[[ DATA open ]]

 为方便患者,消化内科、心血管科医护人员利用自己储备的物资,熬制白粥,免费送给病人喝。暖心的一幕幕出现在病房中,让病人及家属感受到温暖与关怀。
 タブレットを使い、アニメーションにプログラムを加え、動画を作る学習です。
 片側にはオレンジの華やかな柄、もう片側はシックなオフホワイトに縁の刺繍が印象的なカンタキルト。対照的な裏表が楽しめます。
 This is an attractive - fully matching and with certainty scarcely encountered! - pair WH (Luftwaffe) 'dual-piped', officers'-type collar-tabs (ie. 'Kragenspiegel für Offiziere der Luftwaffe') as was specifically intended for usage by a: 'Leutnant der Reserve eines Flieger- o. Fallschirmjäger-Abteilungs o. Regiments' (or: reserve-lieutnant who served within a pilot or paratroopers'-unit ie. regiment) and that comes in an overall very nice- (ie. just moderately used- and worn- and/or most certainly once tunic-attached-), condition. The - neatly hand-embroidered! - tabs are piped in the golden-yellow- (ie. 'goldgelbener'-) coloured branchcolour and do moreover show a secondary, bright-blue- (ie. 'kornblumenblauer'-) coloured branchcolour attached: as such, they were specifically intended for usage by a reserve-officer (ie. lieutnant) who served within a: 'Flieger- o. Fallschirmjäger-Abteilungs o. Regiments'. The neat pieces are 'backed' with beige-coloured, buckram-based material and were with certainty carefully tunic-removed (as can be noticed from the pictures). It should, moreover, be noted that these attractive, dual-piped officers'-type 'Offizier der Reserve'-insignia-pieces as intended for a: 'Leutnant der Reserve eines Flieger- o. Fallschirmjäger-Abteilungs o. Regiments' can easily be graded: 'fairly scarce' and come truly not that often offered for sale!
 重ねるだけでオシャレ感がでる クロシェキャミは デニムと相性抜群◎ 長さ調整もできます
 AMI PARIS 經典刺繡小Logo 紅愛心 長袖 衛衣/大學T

[[ DATA closed ]]
[[ DATA open ]]

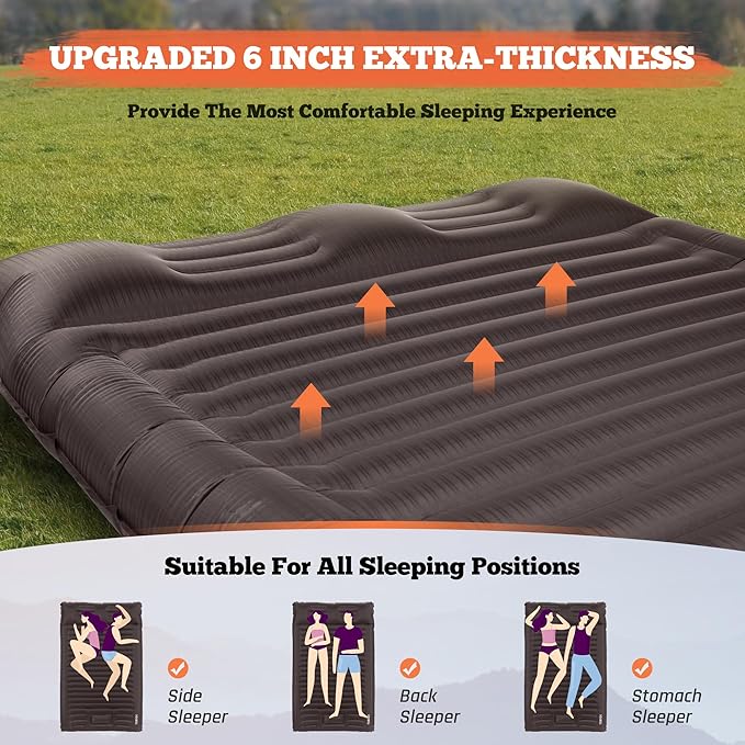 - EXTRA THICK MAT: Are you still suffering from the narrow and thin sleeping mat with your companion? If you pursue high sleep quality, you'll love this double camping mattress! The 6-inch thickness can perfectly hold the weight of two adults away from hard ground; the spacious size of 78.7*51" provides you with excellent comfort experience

[[ DATA closed ]]

PROBLEM TO SOLVE> The expected output is exactly the lines of the listing above between the line holding "为方便患者,消化内科、心血管" and the line holding "片側にはオレンジの華やかな柄", inclusive.

REPLY>
 为方便患者,消化内科、心血管科医护人员利用自己储备的物资,熬制白粥,免费送给病人喝。暖心的一幕幕出现在病房中,让病人及家属感受到温暖与关怀。
 タブレットを使い、アニメーションにプログラムを加え、動画を作る学習です。
 片側にはオレンジの華やかな柄、もう片側はシックなオフホワイトに縁の刺繍が印象的なカンタキルト。対照的な裏表が楽しめます。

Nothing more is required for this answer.